Keywords: Chemotherapy, Pump, 5-FU, 5-Flourouracil, Continuous chemotherapy

 

INTRODUCTION


Continuous ambulatory delivery devices (CADD pumps) are made to supply a continuous dose of medication to patients requiring around the clock infusions in cases such as anal carcinoma, colorectal cancer with metastasis in the liver, etc. These devices allow patients to be able to receive their IV medications and not be required to stay in an infusion center or be hospitalized for their infusion. These devices have multiple uses to help decrease patient time burden and also healthcare work burdens. CADD pumps require the patient to carry the electric pump as well as the IV fluid bag, preferably in a self-containing bag. These pumps allow healthcare personnel to program dosing schedules, such as scheduled bolus, tapering boluses, etc. Elastomeric pumps deliver a low steady dose of medication until it is empty. This article will discuss how these pumps are used, and their benefits and risks [1].

 

Smith Medical makes a CADD pump that has multiple uses. It can deliver medicine in low bolus doses, like those used in patient controlled analgesia (PCA) systems, or larger continuous dosing. It also has settings for intermediate bolus delivery dosing, where it can be programmed to give scheduled large doses on a schedule. Other programming steps allow for step therapy, where dosing is increased until a certain amount and then decreases or a variation of step therapy via tapering up and tapering down a dose. These pumps do not have fluid restrictions on what they require in their IV fluid bag. The electronic pump has two connections, one that attaches to the patient’s IV catheter and one that connects to the IV bag. The pump itself has a few safety mechanisms built into its programming to allow patient safety, such as air bubble warnings or battery detachment. This pump when in its PCA mode doses by milligrams per milliliter and milliliters per hour. It is always important to verify the pump settings, and also how the medication is being delivered [1].

 

Making and Using Electronic Pumps

When making the IV bag for your patients, you should always follow your sterile compounding and chemotherapy protocols. While doing so compound your IV fluid bags as needed to hold the sufficient amount of drug for the whole infusion. Once compounded and ready for delivery, verify that the pump is set for continuous infusion for the correct flow rate to reach the total time required for infusion. Under the continuous infusion settings it can be changed to 0.1 mL/h to 500 mL/h in 0.1 mL/h increments.
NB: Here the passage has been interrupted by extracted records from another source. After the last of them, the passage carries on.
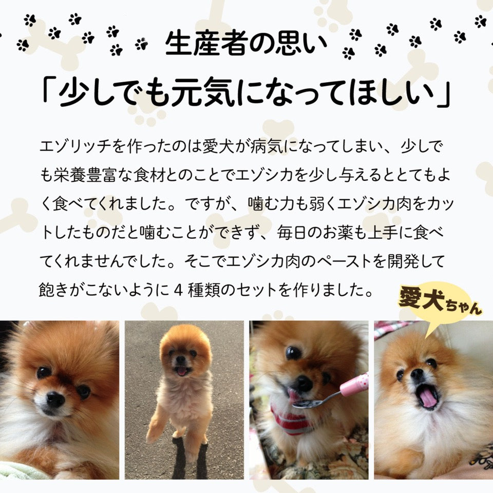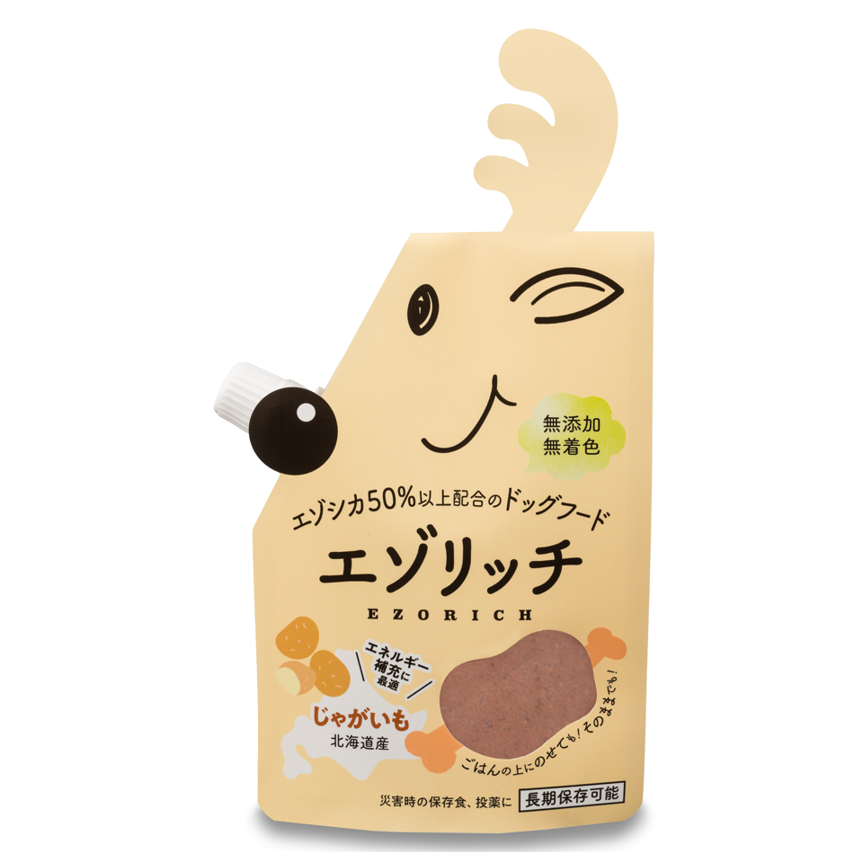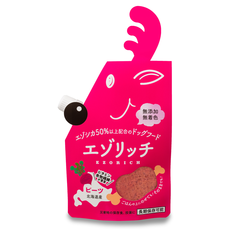愛犬が年齢を重ねるごとに食が細くなり体重が減ってきてしまったことから、栄養価が高くて低脂質なヘルシー食材エゾシカ肉をペースト状にして与えたところ大変喜んで食べてくれたので、エゾリッチの開発を始めました。
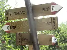 Lana is a village which is divided into three parts: Oberlana, Mitterlana and Niederlana. It is a popular tourist spot offering sports such as tennis, football, golf, minigolf and ice-skating among others. During summer, locals and tourists alike enjoy swimming, hiking and cycling because there are a lot of good cycle paths.
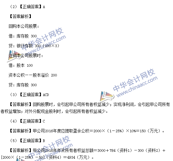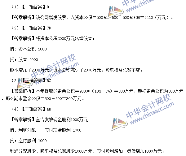 (3)【点评】该题考核所有者权益的相关内容。该知识点与考前模拟试题(三)多选题第12题、考前预测卷(一)多选第5题、考前预测卷(三)多选第11题的考点基本相同。
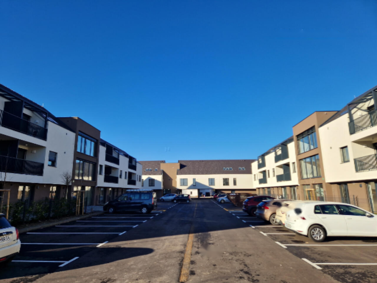 Для каждой квартиры предусмотрено два платных парковочных места. Жилой комплекс, состоящий из трехэтажных зданий, имеет все удобства: бетонные лестницы, лифт, комбинированную крышу. Также предусмотрены современные инженерные решения, такие как:
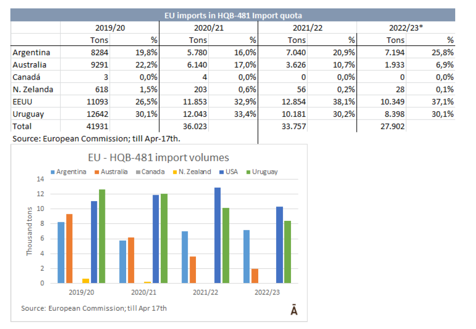 烏拉圭是第二大供應國,在2022-2023年度達到8,398噸,超過了阿根廷(7,194噸)和澳大利亞(1,933噸)。新西蘭和加拿大可以給481配額出口,但他們并沒有使用配額。

It has a delay setting of delivering 0.1 mL/h to 10 mL/h. Again verify that the calculation is correct that allows sufficient fluid and drug concentration for the whole infusion time.

 

Here is an example: A patient comes to receive their IV bag of fluorouracil. They are dosed at 1,000 mg/m2/day for a continuous day 1-4 of a 3 week cycle. Previous calculations showed the patient has a BSA of 1.40 m2. The patient will need to receive 1,400 mg daily over a continuous infusion daily for 4 days. The patient will need to have an IV bag with 5,600 mg in an IV bag. The compounded IV bag will be 500 mL containing the 5,600 mg.This concentration is 11.2 mg/mL. This means that the patient will need to receive 125 mL over 24 h. This comes out to the patient receiving 5.2 mL/h.

1,000 mg/m2/day * 1.4 m2=1,400 mg/day

1,400 mg/day * 4 days=5,600 mg

Compounded into a 500 mL IV bag. Final concentration 5,600 mg/500 mL=11.2 mg/mL

1,400 mg/day divided by 1 mL/11.2 mg=125 mL/24 h=5.2083 mL/h rounded to the nearest 0.1

Once infusion time and concentrations are correct and set in the machine, both the pump and the fluid bag should be secured into its carrying case where it will not kink any tubing and be protected from any environmental factors. Your nursing team is an immense help to you if you are not familiar with using the pumps [1].

Elastomeric Pumps

Baxter International makes two different nonelectronic elastomeric pumps that can be used for a short time, up to 5 h or long intervals, up to 7 days. It is important to use the right pump for the occasion as there are two type of pumps; infusors and intermates. Both pumps work the same but have different indications and length of treatment times. Elastomeric pump infusors have long infusion times and are designed for ambulatory infusion of IV chemotherapy, pain management and chelation therapies. Elastomeric pump intermates are used for antibiotic/antiviral infusions. These elastomeric pumps work differently than in-patient infusions that require an electronic machine pump that controls flow rates. They work by slowly “deflating” a medication-filled balloon directly into the IV line. There are different sized bags that allow for different infusion times and different flow rates. Using the correct bag and solution decreases the need for patients returning to infusion centers and also adverse events, such as medication overdosing. Infusors and intermate pumps should never be re-used but properly disposed.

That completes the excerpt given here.